(Work instructions): Below, some lines carry pictures; leave those pictures out and retype exactly the lines from the one with "Control the three" through the one with "Серьги из белого".

(Material provided):

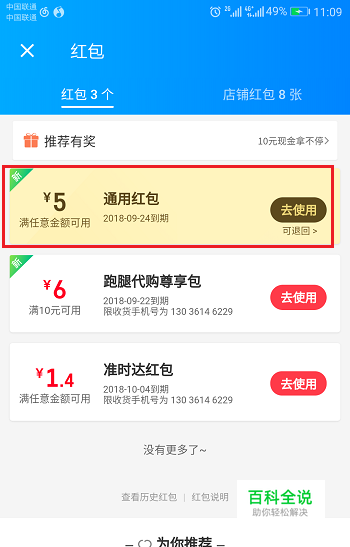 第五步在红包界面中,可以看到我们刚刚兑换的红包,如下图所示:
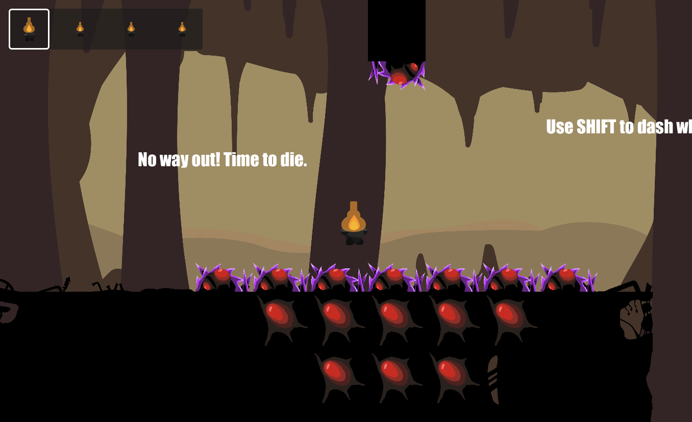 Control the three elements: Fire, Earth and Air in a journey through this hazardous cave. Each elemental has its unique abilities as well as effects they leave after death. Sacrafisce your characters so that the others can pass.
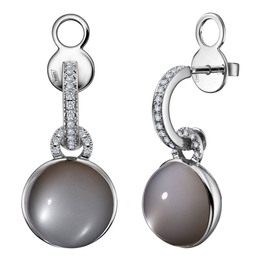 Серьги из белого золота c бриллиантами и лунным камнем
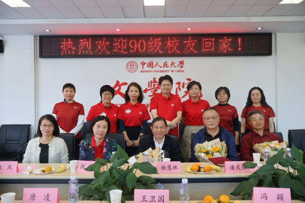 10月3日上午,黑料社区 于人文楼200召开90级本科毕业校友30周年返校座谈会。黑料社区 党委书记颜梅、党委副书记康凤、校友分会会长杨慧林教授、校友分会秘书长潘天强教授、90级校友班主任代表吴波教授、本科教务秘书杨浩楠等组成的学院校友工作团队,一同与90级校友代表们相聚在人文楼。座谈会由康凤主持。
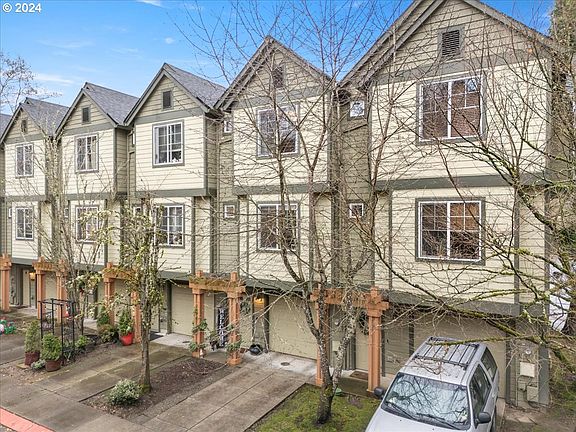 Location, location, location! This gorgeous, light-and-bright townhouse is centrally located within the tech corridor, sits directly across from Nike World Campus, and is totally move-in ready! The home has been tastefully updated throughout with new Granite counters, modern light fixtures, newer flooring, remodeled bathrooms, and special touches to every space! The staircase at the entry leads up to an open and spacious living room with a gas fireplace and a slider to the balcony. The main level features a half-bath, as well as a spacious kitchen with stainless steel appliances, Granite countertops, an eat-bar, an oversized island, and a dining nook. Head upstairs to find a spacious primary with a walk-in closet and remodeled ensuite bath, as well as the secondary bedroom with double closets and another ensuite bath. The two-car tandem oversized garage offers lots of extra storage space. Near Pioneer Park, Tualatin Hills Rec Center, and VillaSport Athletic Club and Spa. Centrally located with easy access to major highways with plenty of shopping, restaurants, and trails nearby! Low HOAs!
---
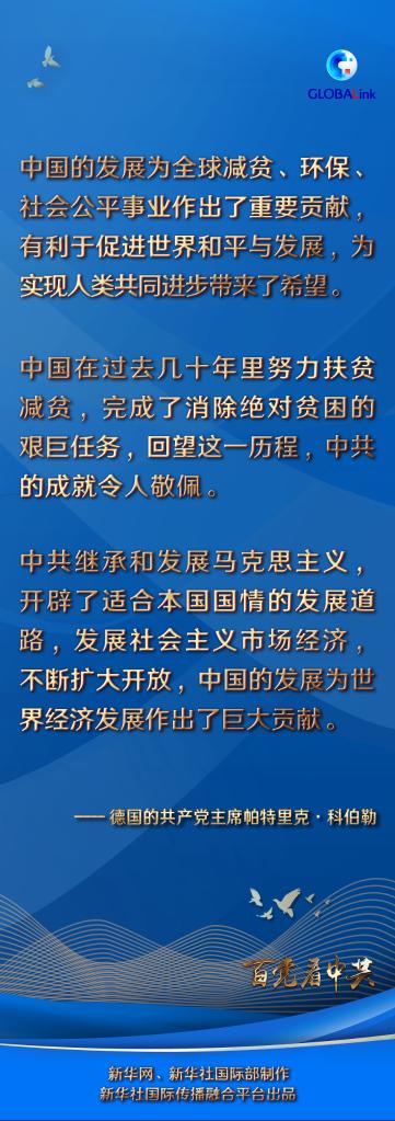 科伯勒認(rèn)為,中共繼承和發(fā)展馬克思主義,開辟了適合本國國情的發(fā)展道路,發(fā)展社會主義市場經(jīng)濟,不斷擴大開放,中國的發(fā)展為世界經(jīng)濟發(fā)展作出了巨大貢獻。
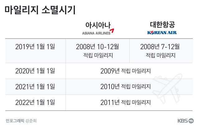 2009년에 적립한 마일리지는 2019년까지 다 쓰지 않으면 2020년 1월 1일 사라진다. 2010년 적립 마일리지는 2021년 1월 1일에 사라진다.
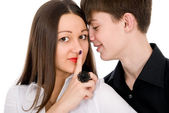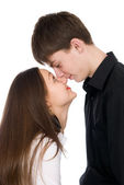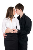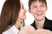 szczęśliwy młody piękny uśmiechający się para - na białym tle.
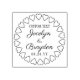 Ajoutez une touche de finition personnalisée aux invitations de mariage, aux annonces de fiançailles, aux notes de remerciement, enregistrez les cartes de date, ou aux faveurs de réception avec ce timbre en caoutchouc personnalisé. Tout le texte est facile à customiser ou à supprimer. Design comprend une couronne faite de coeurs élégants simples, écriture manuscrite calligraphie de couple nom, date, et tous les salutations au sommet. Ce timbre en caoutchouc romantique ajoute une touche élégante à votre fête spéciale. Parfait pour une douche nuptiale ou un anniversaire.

(Your solution):
 Control the three elements: Fire, Earth and Air in a journey through this hazardous cave. Each elemental has its unique abilities as well as effects they leave after death. Sacrafisce your characters so that the others can pass.
 Серьги из белого золота c бриллиантами и лунным камнем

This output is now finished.